### WORK INSTRUCTIONS
Copy word for word the lines of the records below, beginning at the one with "深蓝大理石纹理,金色裂纹交织出奢华感" and finishing at the one with "Color floral photograph", ends included, but none of the pictures.

### SUPPLIED RECORDS

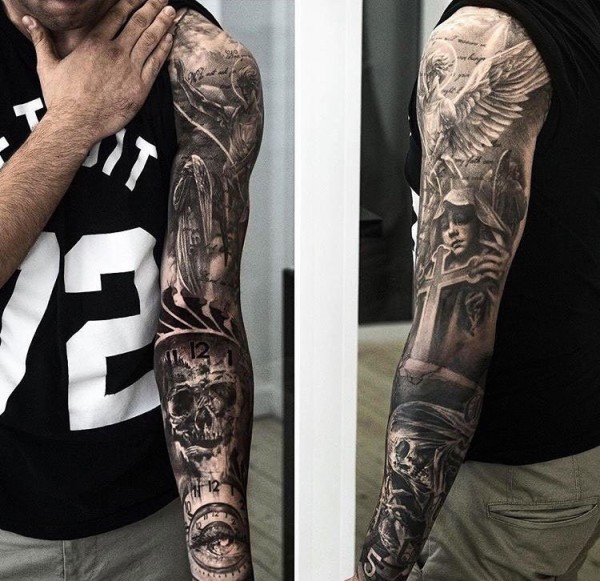 22款黑灰色的欧美满臂纹身时尚花臂纹身图案
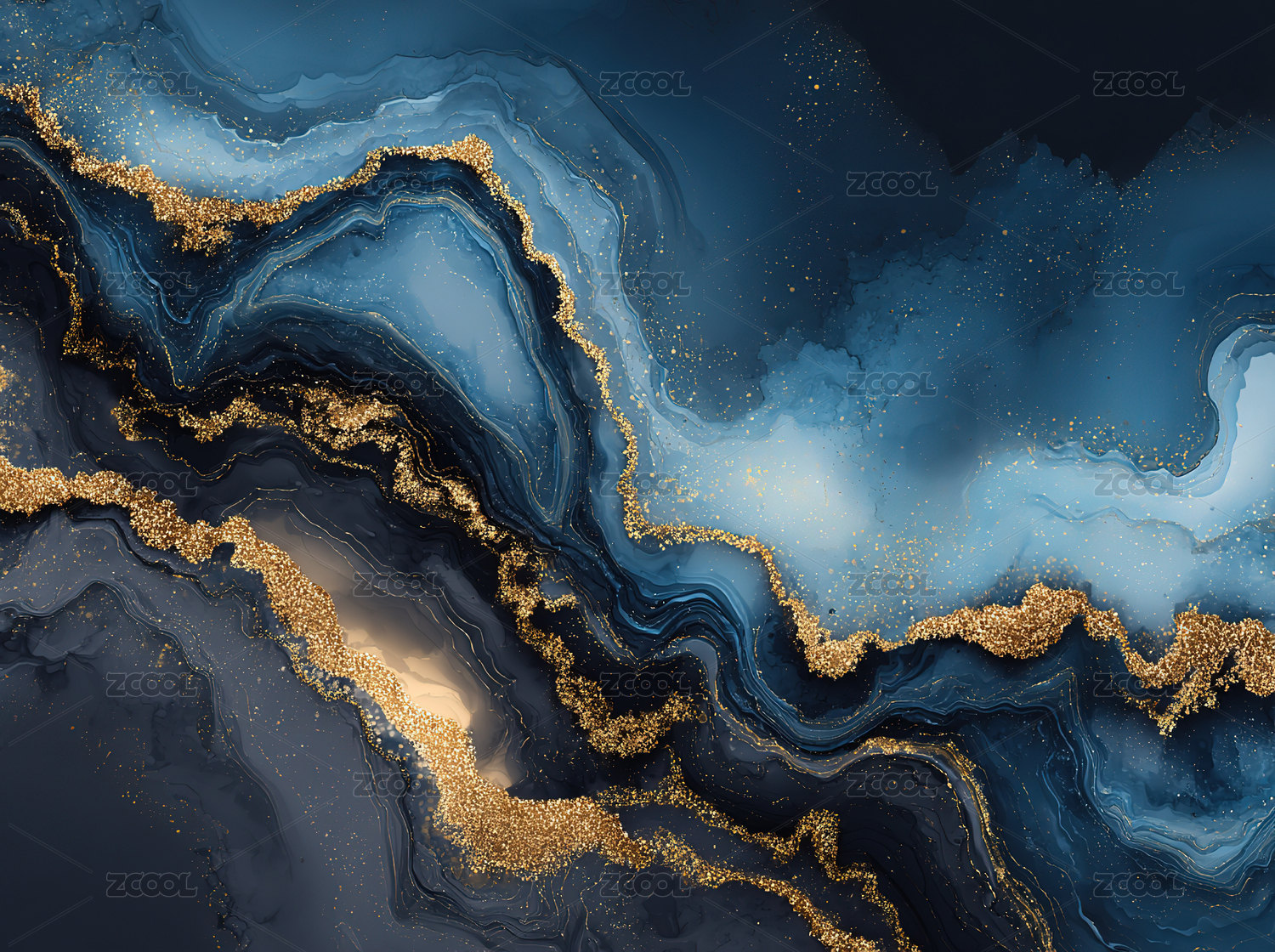 深蓝大理石纹理,金色裂纹交织出奢华感
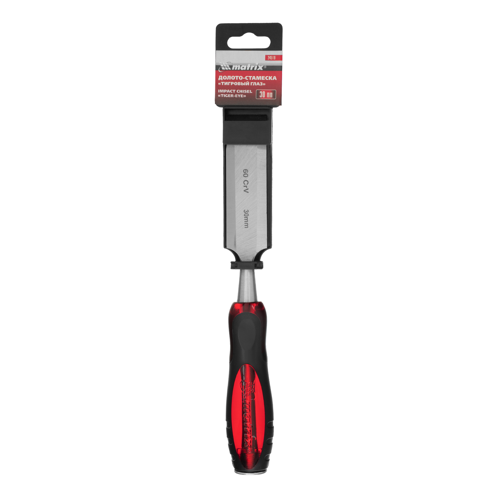 Долото-стамеска Matrix «Тигровый глаз» 24519 с полотном шириной 30 мм и двухкомпонентной обрезиненной рукояткой используется в столярном и плотницком деле, в производстве мебели. Позволяет вырезать углубления, формировать пазы, зачищать шипы и гнезда, снимать фаски. Инструмент выдерживает удары киянкой или молотком, т. к. металлический затыльник защищает его от деформации. Долото относится к профессиональному ручному инструменту, но может применяться и в домашних условиях.
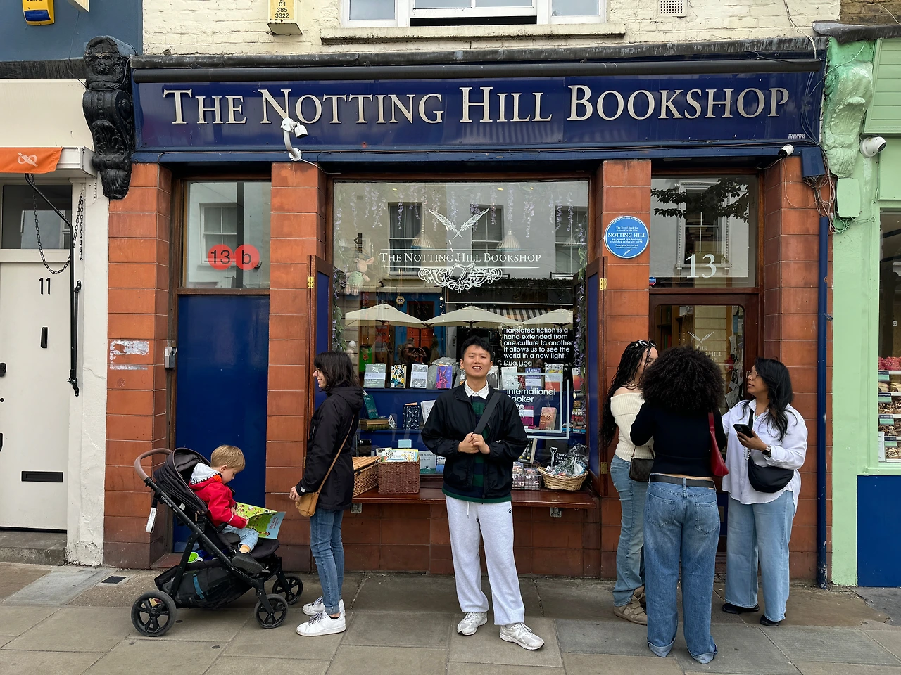 사진촬영에, 마켓 구경까지, 많이 힘들었는지 친구가 카페에서 잠시 쉬어가자고 했다. 꽤 팬시해 보이는 줄이 긴 일본 빵집 앞에 자리를 잡고 앉았다. 빵은 그럭저럭 이었는데, 바로 옆에 노팅힐 영화의 배경인 노팅힐 서점이 있어 사진을 찍을 수 있었다. 영화도 미리 보려고 다운로드해놨는데, 결국 게으름에 보지도 못한 게 생각나 아쉬웠다.
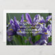 Color floral photograph of purple iris flowers in a flower vase. Personalize this purple irises flower invitation with your own message and images to make your own special flower invites.
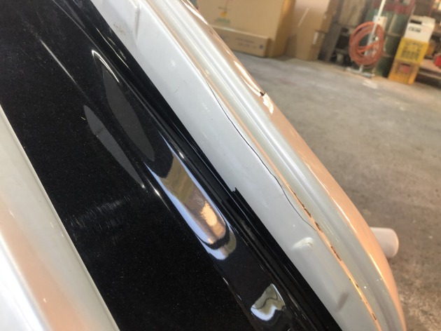 トヨタランドクルーザー200系のサイドステップエアロカバー修理ご依頼をいただきました。 底面についたパッと見は気づきにくい擦り傷なので、部分修理にて承りました。 『大したキズではないけど、綺麗に乗って
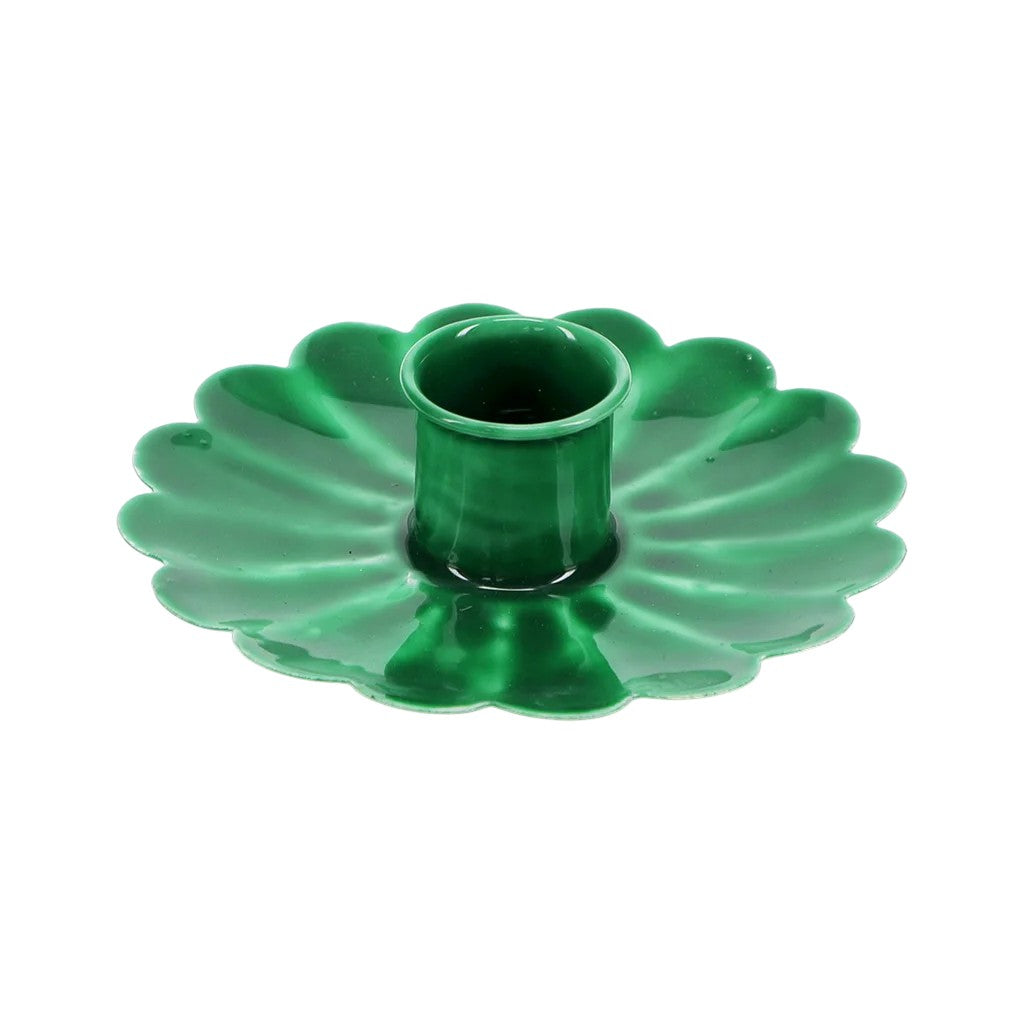 A beautifully shaped flower candle holder, created from a forest green enameled metal that will add a touch of colour to your dinning table, mantle piece or room decor. The candle holders unique flower shaped design is perfect for catching any dripping candle wax making sure there wont be any spillage onto your furniture. Suitable for candles with a 2 cm dimeter. Holder comes with foam pads to the bottom to prevent any scratches to surfaces and measures 9.3 x 9.3 x 2.5cm. Made from enameled cast iron.
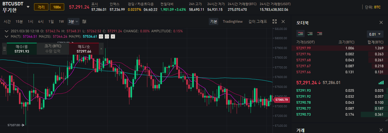 확인해보면 57,348이 진입가격, 57,327이 시장가격, 즉 7달러밖에 차이가 나지 않지만, 손실률은 3.5%가 난다. 즉 7달러가 아니라 *100인 = 700달러의 하락으로 인식했기 때문이다. 100배 레버리지가 아니었다면 -0.035%에 불과했을 손실률. 아무튼 레버리지 거래는 재밌기도 하지만, 그만큼 위험하니 충분히 인식하고 투자할 필요가 있다.
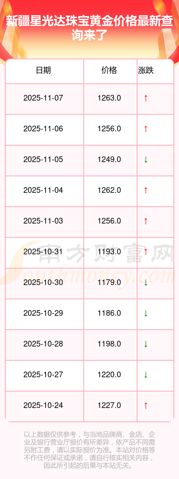 新疆星光達(dá)珠寶黃金價(jià)格在 2025年11月8日為 1263.0元/克。
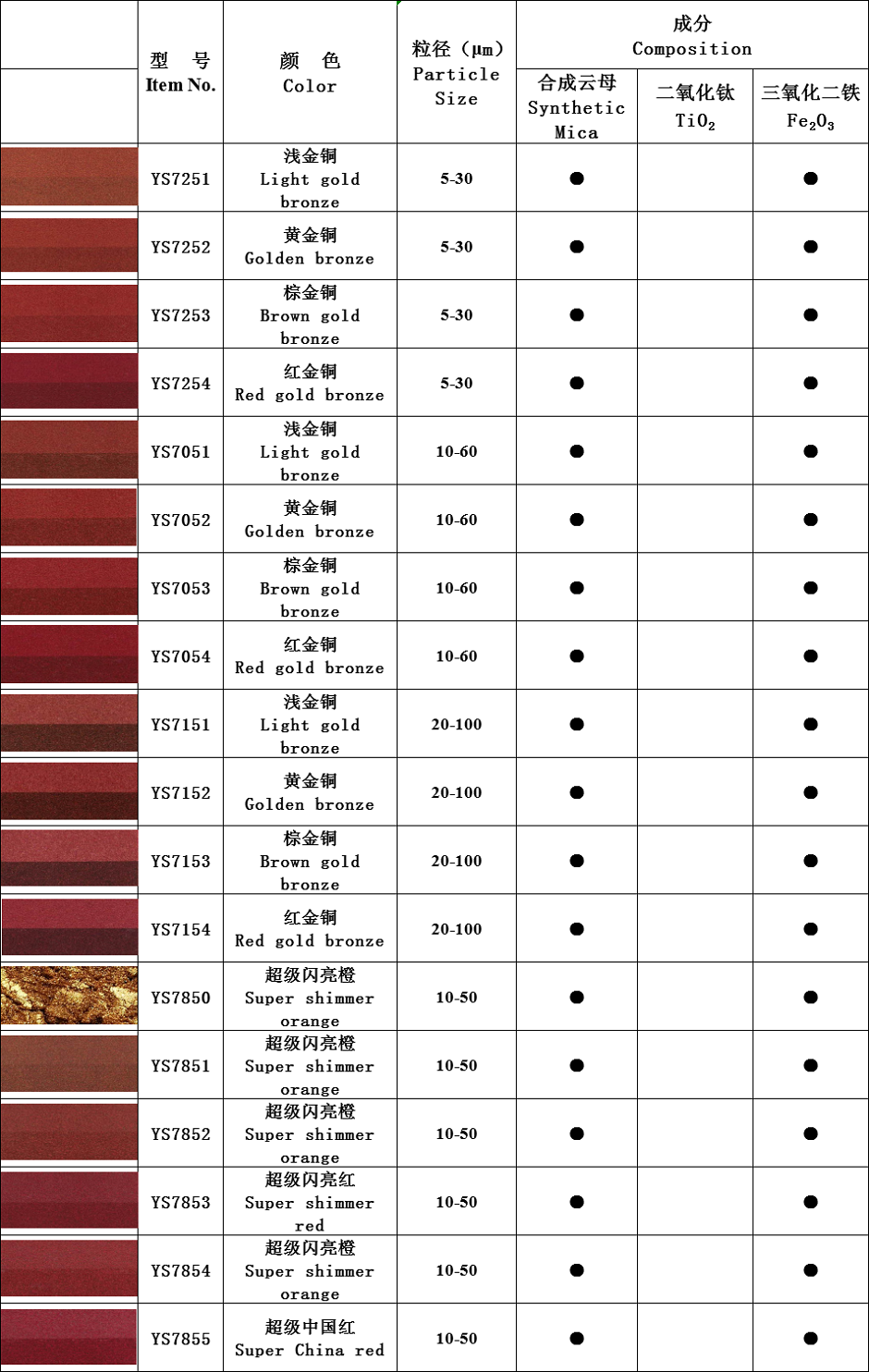 水晶珠光顏料系列:本系列產(chǎn)品以精選人工合成云母為基材,通過精準(zhǔn)控制不同金屬氧化物的包覆厚度從而產(chǎn)生閃爍奪目,璀璨亮麗的珠光效果。產(chǎn)品包括:水晶超白系列、水晶虹彩系列,水晶金色系列、水晶金屬系列、水晶彩色系列、水晶高光系列等。

### PROBLEM SOLUTION
 深蓝大理石纹理,金色裂纹交织出奢华感
 Долото-стамеска Matrix «Тигровый глаз» 24519 с полотном шириной 30 мм и двухкомпонентной обрезиненной рукояткой используется в столярном и плотницком деле, в производстве мебели. Позволяет вырезать углубления, формировать пазы, зачищать шипы и гнезда, снимать фаски. Инструмент выдерживает удары киянкой или молотком, т. к. металлический затыльник защищает его от деформации. Долото относится к профессиональному ручному инструменту, но может применяться и в домашних условиях.
 사진촬영에, 마켓 구경까지, 많이 힘들었는지 친구가 카페에서 잠시 쉬어가자고 했다. 꽤 팬시해 보이는 줄이 긴 일본 빵집 앞에 자리를 잡고 앉았다. 빵은 그럭저럭 이었는데, 바로 옆에 노팅힐 영화의 배경인 노팅힐 서점이 있어 사진을 찍을 수 있었다. 영화도 미리 보려고 다운로드해놨는데, 결국 게으름에 보지도 못한 게 생각나 아쉬웠다.
 Color floral photograph of purple iris flowers in a flower vase. Personalize this purple irises flower invitation with your own message and images to make your own special flower invites.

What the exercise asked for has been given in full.